Thank you so much for your time, Andrei, and to all our readers. Please leave us a comment below and let us know what you thought!

Comments

///AltaVista had almost perfect bad timing; it started with huge technology advantage but an unsustainable business model at that time, and squandered its early lead in core search competency.

What kind of answer is THAT?!

Apparently, people WILL NOT learn from past mistakes
People do not want to deeply self-critique
People do practice denial

Unfortunatly, this spells bad news for Yahoo

Ironically, Yahoo IS becoming that AltaVista (deja vous')

A few years ago, Yahoo had the lead that Google has now, WITH A FOUR YEAR HEAD START!!!

Look what is happening :-(

WE ALL HAVE CONSTANT OPPORTUNITIES TO LEARN FROM THE PAST!!! Whether we choose to.......

Is it possble to implement, or does the technology already exist, to filter out and drop websites that utilize redirects, before and after indexing?

It would seem to me that this would eliminate 75% of the spam that exists on Yahoo, and reward those of us who work hard to create valuable websites and content for your customers.

Thanks

Thanks

"The third generation, still in progress, is about text semantics and analysis, where you starting to understand what the queries are about. That’s roughly where the paper stops . And now there are things like Yahoo! Shortcuts, or a lot of the information that is derived from the meaning of the query. Semantic, shortcuts, local search all seems to be taking off." Strangely no one ever seems to mention serious empirical study of query types that affect critical decisions, but don't occur via search engines, e.g. answers to questionnaires that citizens ask during elections. Without this, and the underlying policy terms they include and imply, you'll have a very difficult time getting at any "meaning. Without knowing the decision taking place (in that case a vote or a decision to endorse or simply to score a candidate or party), a concept of the domain involved, and a concept of the words one finds in the query and in the response, you'll be able to get more than surface scratches at the meaning.

Actually having the various perspectives and the political factions on this competing using a means of semantic framing, is probably a phase of its own though it could be folded into "the fourth phase: information supply" since factions compete to provide that supply and frame it as they find effective for the answers that they want to give.
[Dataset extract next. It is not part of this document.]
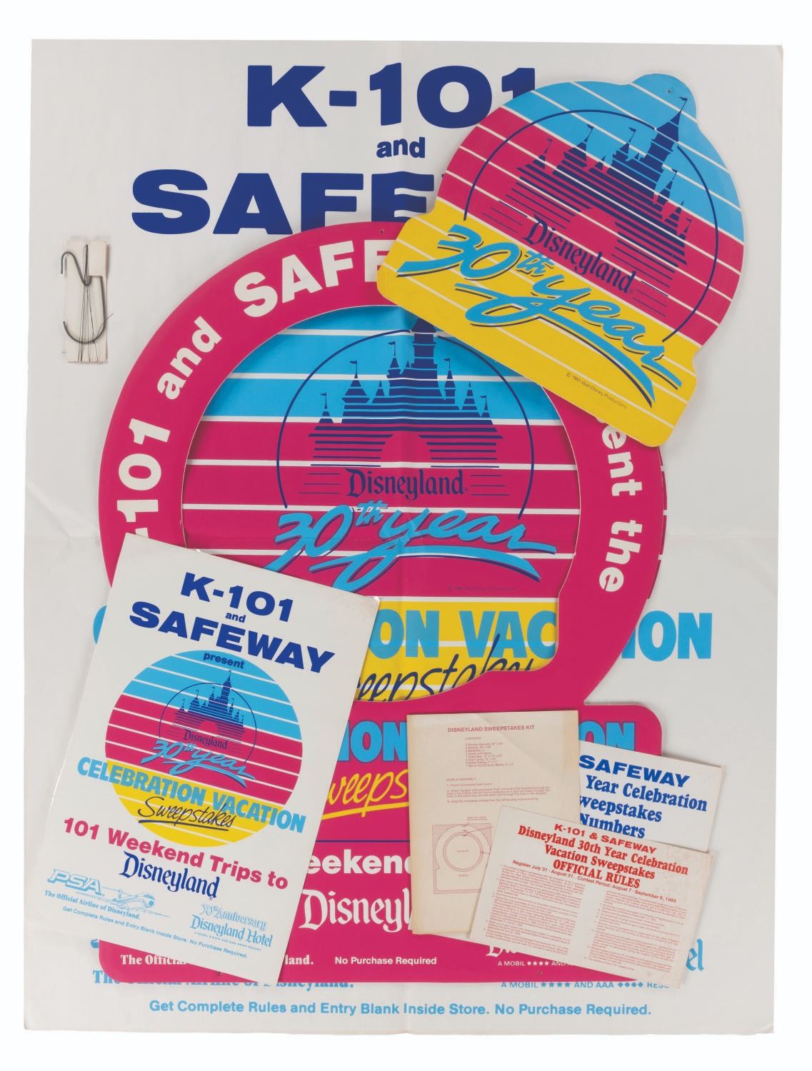 (Disneyland, 1985) A Disneyland 30th Anniversary PSA Airlines Mobile presented by K-101 & Safeway. The Celebration Vacation Sweepstakes set includes one sweepstakes mobile, one Deposit Drawing Tickets Here mobile sign, one official sweepstakes rules card, one hook with string and barbettes, a mobile assembly instruction sheet, one small sweepstakes poster, one giant sweepstakes poster, and one winning numbers card. Ranging in size from the 7” x 11” card to the giant 37.75” x 49.5” poster, the set is in very good condition with light scratches, creases, corner folds, scuffs, and wear.

It's inherently competitive, almost like spam, but on a semantic level. That's why most efforts will fail, they just aren't disciplined enough at the contextual framing, and don't pay enough attention to perspective or task context. Go read the UN State of the Future Report 1993 and 1994, it has quite a bit to say about the semantic web, or what is sometimes called the sociosemantic web. There are few or no projects that actually address this though there are some proposals here and there, and some quiet prototypes.